Trust is the foundation of everything good your organization wants to keep and grow - from customers, to employees, to donors. In fact, trust can become your organization’s competitive advantage.
Consider that:
Companies that consistently earn high trust among their customers outperform the S&P 500 by as much as 30-50%.
Organizations with high leadership trust have some of the highest rates of employee engagement and retention. And, the margins are small – turnover rises when leaders lose even a little bit of trust with their people.
Social donors say trust is the most important factor influencing their decision to give. Losing trust is costly: 92% of donors who say they lost trust in a nonprofit never supported it again.
While most leaders tell us that trust is important, we rarely see it on Key Performance Indicator (KPI) dashboards. Trust can be complex and nuanced to measure - but it doesn’t have to be.
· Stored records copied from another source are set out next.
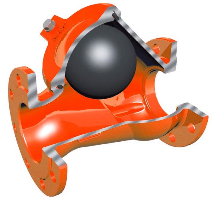 These full port ball checks with uninterrupted flow (equal to bore of pipe) are resistant to clogging and are ideal for wastewater, stormwater treatment, pumping dirty fluids. There is no accumulation of debris/deposits and the valve can be cleaned in-line without removal of entire valve and other neutral liquid applications. They can be used in horizontal & vertical service. BC series check valves have a low head loss and are self-cleaning due to the rotating ball.
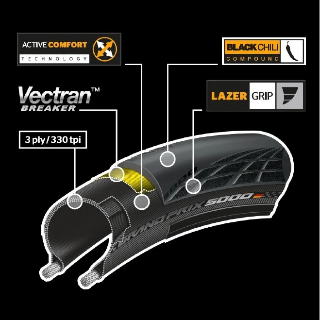 With Continental’s unique tread compound, which is produced only in Germany, they have revolutionised the sport of cycling. With the legendary BlackChili Compound Continental have answered the eternal question of the best balance of grip and rolling resistance for cycling.
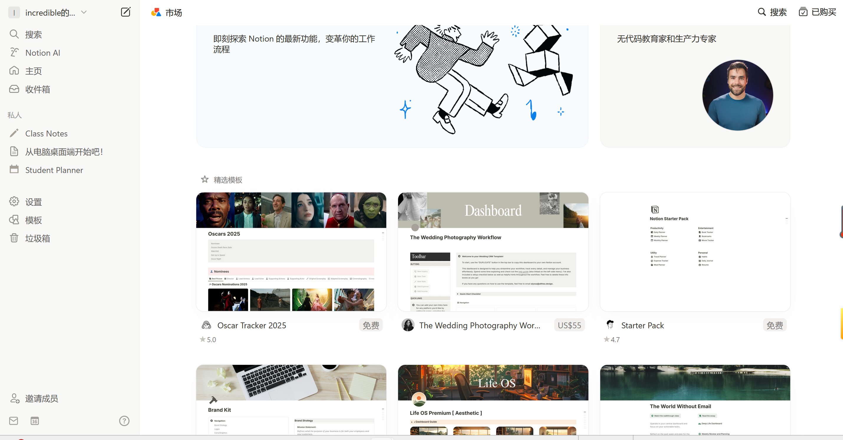 此外,可能会有用户觉得这个页面过于简单,Notion还提供了各种模板,有免费的也有付费的,有各种个性化的适配方案

One thing your organization could do right now to improve trust is to define it, together.
Here’s how one client tackled it.
First, the CEO of this medium-sized nonprofit shared at an all-staff meeting that as an organization, they were going to prioritize talking about trust, and invited everyone to get curious about it. Each employee was asked to think about two questions: Whose trust is important to us? How do we show it? Over the next few weeks at department-level meetings, each department leader invited their team members to contribute their ideas, which they captured on a Miro board and refined together. Once all the departments had submitted their Miro board, the leadership team looked at them together, discussed, and created a blended board, which they then presented at the next all-staff meeting.
Because eating lunch together on in-office days is a part of the organization's culture, they created a poster size version of this board they hung in the main lunchroom and placed ample colored markers nearby - inviting people to add and iterate on it over time. As a result, people said the idea of “trust” became less abstract and they felt they were on the same page with each other about what trust looks like and means to what they do, even as their ideas evolved.
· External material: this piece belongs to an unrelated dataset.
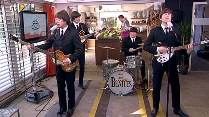 Coverband The Cavern Beatles speelt het nummer I Want To Hold Your Hand.
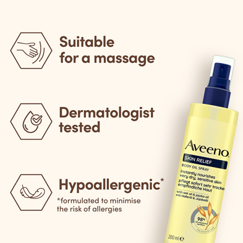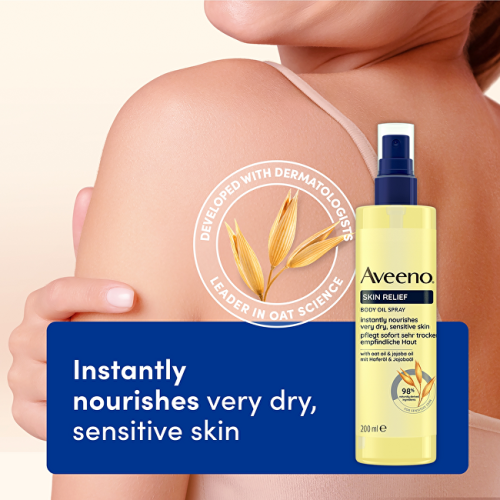 Tělový olej ve spreji AVEENO® Skin Relief má unikátní složení s ovesným a jojobovým olejem. Pomáhá regenerovat a zklidnit velmi suchou pokožku již od prvního použití. Dodává pokožce hedvábný efekt a dlouhotrvající hydrataci. Láhev je recyklovatelná (s výjimkou pumpičky). 98 % ingrediencí přírodního původu.

We’ve seen business teams tackle this similarly but from different angles. In one case, a team leader invited their remote team to get curious about In what areas of operations do we need our customers to trust us? What does it look like if we’re earning it? Through online collaboration, they came up with a list of three key areas of operations that demanded customer trust (payments, data security, compliance), and arrived at a list of 2-3 indicators of trust in each of those areas.
Measurement can come later. Improving trust to improve performance is the goal. But working together first simply to define trust has the benefit of getting everyone thinking about how they contribute to it, no matter their role. And that's a great place to start.